= Ihudiya Finda Williams =

Computer scientist

Ihudiya Finda Williams is a computer scientist who specializes in human–computer interaction (HCI). Her research is at the intersection of identity, culture, and computing. Specifically, she examines digital technology use among populations with low resources due to systemic injustices, and explores tech-enabled solutions to either highlight injustices or find future alternatives (i.e., anti-racist design). Currently, Williams is an assistant professor at Virginia Tech's Department of Computer Science. She is best known for being the founder of the Race in HCI Collective. She is the lead Principal Investigator for the Reimagining Equity and Accessibility in Computing for Humanity (REACH) Lab She is also a member of the Center for Human-Computer Interaction (CHCI), Michigan ICTD, Michigan Interactive and Social Computing (MISC), and the Center for Critical Race & Digital Studies.

== Education ==

Ihudiya Finda Williams attended the Rochester Institute of Technology, where she obtained a Bachelor of Science in Information Technology in 2010. Then, Williams attended Harvard University, where she obtained a Master of Education (M.Ed.) in Technology, Innovation, and Education. In 2023, she obtained her Ph.D. from the School of Information at the University of Michigan, where her dissertation research was supported by multiple fellowships (including the Microsoft Research Dissertation Fellowship, GEM Fellowship, Generation Google Scholarship (formerly known as Google's Women Techmakers Scholars), and the Rackham Graduate School Merit Fellowship). Williams was advised by Kentaro Toyama.

== Virginia Tech ==
Ihudiya Finda Williams is leading the Reimagining Equity and Accessibility in Computing for Humanity (REACH) Lab at Virginia Tech. The lab's research focuses on technology access, digital equity, and community-centered computing, particularly in underserved and rural communities.

1. Rural Computer Science Education: Williams and her team study disparities in computer science education in rural areas of the United States. Specifically, how limited access to trained computer science teachers affects students' preparedness for postsecondary computing programs.
2. Environmental Awareness and Rural Communities: Another strand of Williams' work examines how rural communities access and interpret information about environmental and climate-related changes.
3. Technology Use in the Black Church: Williams conducts research on how church leaders and congregants of the Black church adopt and engage with digital technologies.

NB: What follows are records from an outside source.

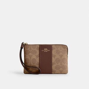 Our Corner Zip Wristlet is an everyday essential that won’t weigh you down. Crafted of Signature coated canvas and smooth leather, this small wristlet wallet is compact yet functional, with space for your keys, cards and even an iPhone (up to a 15 Pro Max). This canvas wristlet in Signature canvas features a wrist strap for ease and a zip-top closure to secure your items. To keep your cards handy on the go, organize them in the convenient built-in slots.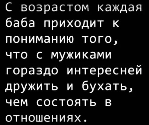 С возрастом каждая баба приходит к пониманию того что с мужиками гораздо интересней дружить и бухать чем состоять в отношениях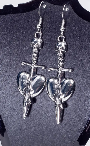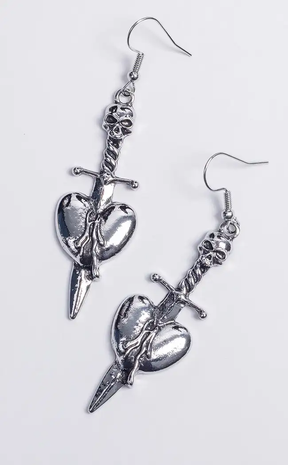 Fall in love with our Shot Through The Heart Earrings! Featuring a heart impaled by a sword with a skull on top, and blood dripping from the heart, this edgy accessory will captivate the hearts of those who encounter it.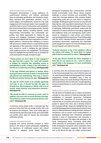 Participants demonstrated a strong preference for youth-focused interfaces and features, particularly those incorporating gamification and interactive design. Many expressed that gamification elements, such as points, badges, and leaderboards, would not only make engagement with municipal matters more enjoyable but would also foster a sense of achievement and competition that would motivate them to participate actively. Similarly, interactive design features, including dynamic visuals, drag-and-drop functionalities, and customisable user profiles, were highly appreciated for making the app intuitive and engaging. Participants emphasised that these elements aligned with their expectations of modern digital platforms, enhancing their willingness to interact with governance-related content in a way that felt relevant and appealing to their generation. Overall, these features were viewed as crucial in bridging the gap between youth apathy and active civic engagement. The following responses highlight the key features that are desirable for youth participation through smartphone apps:

== Professional and community leadership ==
From September 2011 to February 2014, Ihudiya Finda Williams was a Peace Corps volunteer, ICT Local Government Capacity Builder. She served as an Information and Communication Technology Local Government Capacity Building Volunteer in the southern African country of Botswana. She contributed to building the District AIDS Coordinating Office and the Lethakeng Community in information and communications technologies, working closely with the Senior Ministry of Local Government IT officials. In 2021, she received the UMSI Award for Impact in Diversity, Equity & Inclusion in recognition of her leadership in DEI and racial justice initiatives at UMSI, particularly as the founder and leader of Black@SI. Since 2024, she has been the chair of the Futuring SIGCHI Committee.

== Media appearances ==
In January 2026, Ihudiya Finda Williams was featured on 1A (radio program) to discuss the state of Black academia. In the podcast episode, the impact of federal and state policies on diversity, equity, and inclusion (DEI) programs in higher education was discussed. The episode examined actions taken by the Trump administration to restrict DEI initiatives in schools and universities, as well as subsequent state legislation affecting diversity offices, cultural centers, and academic programming.